The brothers used Twitter and hired a New York publicist to promote their service. LucyPhone does a real-time search on Tweets that contain phrases such as "on hold with", and then, through its Twitter account, automatically follows those Twitter users. People followed by LucyPhone frequently view LucyPhone's profile because they are curious about having a new follower. For example, on March 14, 2010, New Yorker Dave Cirilli sent a Tweet that stated "Aaaaand that would be THREE HOURS on hold with 1-800-JETBLUE! Okay, @JetBlue, you beat me! You wore me down! I give. Goodnight." When Cirilli discovered that LucyPhone was following him, he tried the service. Cirilli contacted the company later and became its publicist.

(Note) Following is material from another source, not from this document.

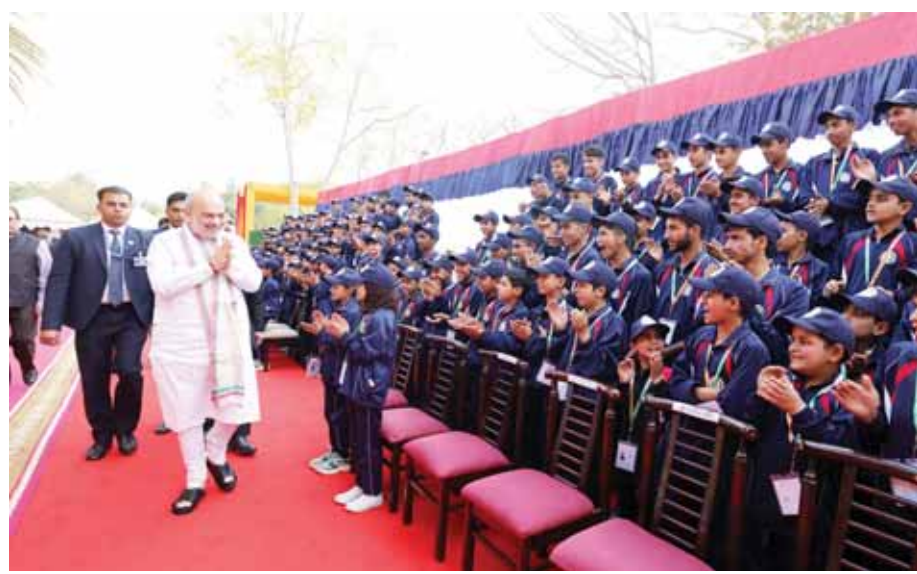
Home Minister Amit Shah interacts with 250 children from weaker sections of Jammu and Kashmir under 'Watan Ko Jano' programme in New Delhi

end, there is no need for the deployment of police and that day is not far, he added. "When there is peace, no police will be required. This message has to be carried by you to your friends, family and villages... when you go home, tell your friends, neighbours that the entire country is living in peace and the people of Jammu and Kashmir should also live in peace," Shah said. There is peace in Jammu and Kashmir and this peace has to be permanent and "our aim is to make a Jammu and Kashmir where no life is lost due to terrorism", he added. "Violence brings nothing. Due to the decades of terrorism in Jammu and Kashmir, 36,000 people lost their lives," the home minister said. Shah said Prime Minister Narendra Modi had made the

The Oristians further devised an iPhone app that was downloaded 60,000 times in July 2010. By August 2010, use of the site expanded to 70,000 to 80,000 times per month. In August 2010, Mike and Tom Oristian were the company's only employees.

The founders initially planned to offer the service for payment but later decided to offer it for free. Co-founder Tom Oristian stated in an interview that they "quickly learned" that a subscription business model was not the correct business model. The company hoped to make a profit in the future by having companies pay to place a LucyPhone widget on their websites.

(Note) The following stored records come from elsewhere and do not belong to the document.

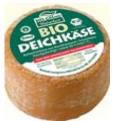
Bio Greno semi-hard cheese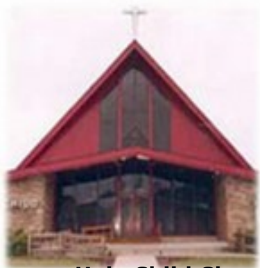
Holy Child Church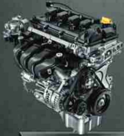
ADVANCED K SERIES DUAL JET, DUAL VVT ENGINE

The app was a product of CallPromise LLC, which the Oristians founded. CallPromise created a "virtual queueing" product hosted in the cloud that would serve businesses who could allow clients to call them, hang up, and wait for a customer support representative team member to respond. The service was used by Intuit and MetLife. In 2015, Virtual Hold Technology (VHT), a company based in Akron, Ohio, purchased a minority interest position in CallPromise. In 2016, VHT purchased the rest of CallPromise.

==Service==
Users can key in customer service numbers to LucyPhone or search for the phone numbers of the companies they wish to contact. When a user is placed on hold, he or she can press two asterisks, "**", and his or her phone is disconnected while LucyPhone remains connected to customer service. When a customer service representative answers the phone call, LucyPhone calls the user back.

In order for LucyPhone to function successfully, it needs the assistance of customer service agents. The reason is that when the agents answer a call, LucyPhone's recorded message asks them to press 1 to receive a call from the anticipating customers. The call center agents sometimes hang up on LucyPhone's request because they are used to interacting solely with humans. The company reported that fewer than 10% of the calls are terminated by customer service agents. Government agencies such as the IRS, are instructed not to accept Lucyphone calls.

LucyPhone was supported on desktop and on mobile platforms including iOS and Android. Lifehacker wrote that "it'd be nice if LucyPhone implemented the same kind of skip-ahead-in-the-tree service of apps like Fonolo or Dial Zero".